Stelios spent the rest of the day going through all of the authentication and paperwork (in Italian!) necessary to restore puri.sm directly through the TLD. Shortly before I woke up in California, they agreed to restore our domain and said they would push to restore our DNS glue records as soon as they could.

At the same time, we were also curious what 101domain.com was going to do, so we also contacted the Ireland support team to check on the progress of our ticket. Their reply after a day of this? That they could not contact the registry themselves and we would have to wait for the .sm specialist in California! At this point, of course, we had already resolved matters without their help and a few hours later our DNS glue records were restored.
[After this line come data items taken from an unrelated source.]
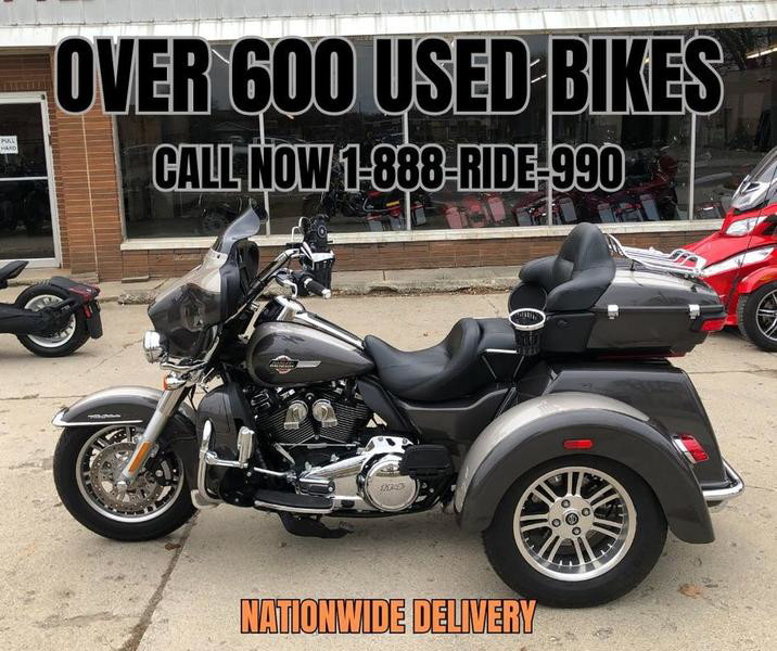 USED HARLEY TRI GLIDE FOR SALE WITH ONLY 12,340 MILES IN HARD TO FIND COLOR "GRAY HAZE AND SILVER FORTUNE"! THIS ONE IS A MUST-SEE! CLEAN, CLEAN, CLEAN, ALL STOCK, NO MODIFICATIONS, AND LOW, LOW MILES! DRIVER AND PASSENGER CUP HOLDERS, PHONE HOLDER, AIR RIDE, HIGHWAY PEGS, OVERSIZED L.E.D. SCREEN, BLUE TOOTH STEREO, NAVIGATION SYSTEM, CRUISE CONTROL, SECURITY SYSTEM, AND MORE! JUST SERVICED AT DEALERSHIP, INSPECTED, ALL FLUIDS CHANGED, RUNS STRONG, EVERYTHING WORKS, NEEDS NOTHING! BUY WITH CONFIDENCE! CERTIFIED AND WARRANTY AVAILABLE! SOLD NEW FOR OVER $40,000. WHY BUY NEW? SAVE OVER $10,000! THIS ONE IS CLEAN! THIS ONE IS A DEAL!
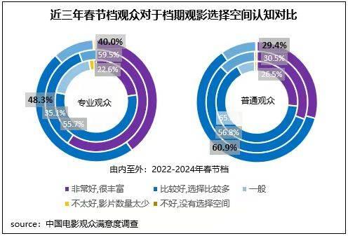2024年春節(jié)檔優(yōu)質(zhì)的影片內(nèi)容矩陣有效拉動(dòng)觀影及討論氛圍,檔期內(nèi)有合計(jì)90.3%的普通觀眾認(rèn)為檔期觀影選擇空間“非常好”或“比較好”,這一占比較去年同期高出2.9個(gè)百分點(diǎn);專業(yè)觀眾這一占比為88.3%,略低于去年同期。
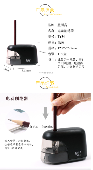 商品名称:益而高 EAGLE TY34 电动削笔器 赠替换刀芯×1 黑色

An hour or so after that, our original support ticket was updated to say the domain was back online—as though it happened all on its own.

Stopping This From Happening Again

It’s hard to underscore just how frustrating an experience this was. Even if you have done everything right and your servers are up and running, your entire infrastructure can still be brought offline by a mistake at the registrar level. While we hope this never happens again, we want to be ready just in case so we are taking some additional steps.

Due to how domain registration works, we can’t completely remove the possibility that our domain could be suspended again in the future. What we can do is try to mitigate the effects with redundancy. To those ends we have registered PurismSPC.com with a different registrar and soon we will bring up a duplicate website and infrastructure under that domain. The idea here is to not just have a second domain with a redundant registrar, but have a domain under a completely different and traditional TLD for redundancy. We will also update our TLS certificates to list both puri.sm and purismspc.com, so you can be assured that we consider both sites valid when you visit with a web browser.

Issues like this remind us why we want to empower you to have direct control over your computers and data. When you turn control over to other parties everything might be “OK” for awhile, but inevitably something will go wrong someday and when it does, you discover just how powerless you are.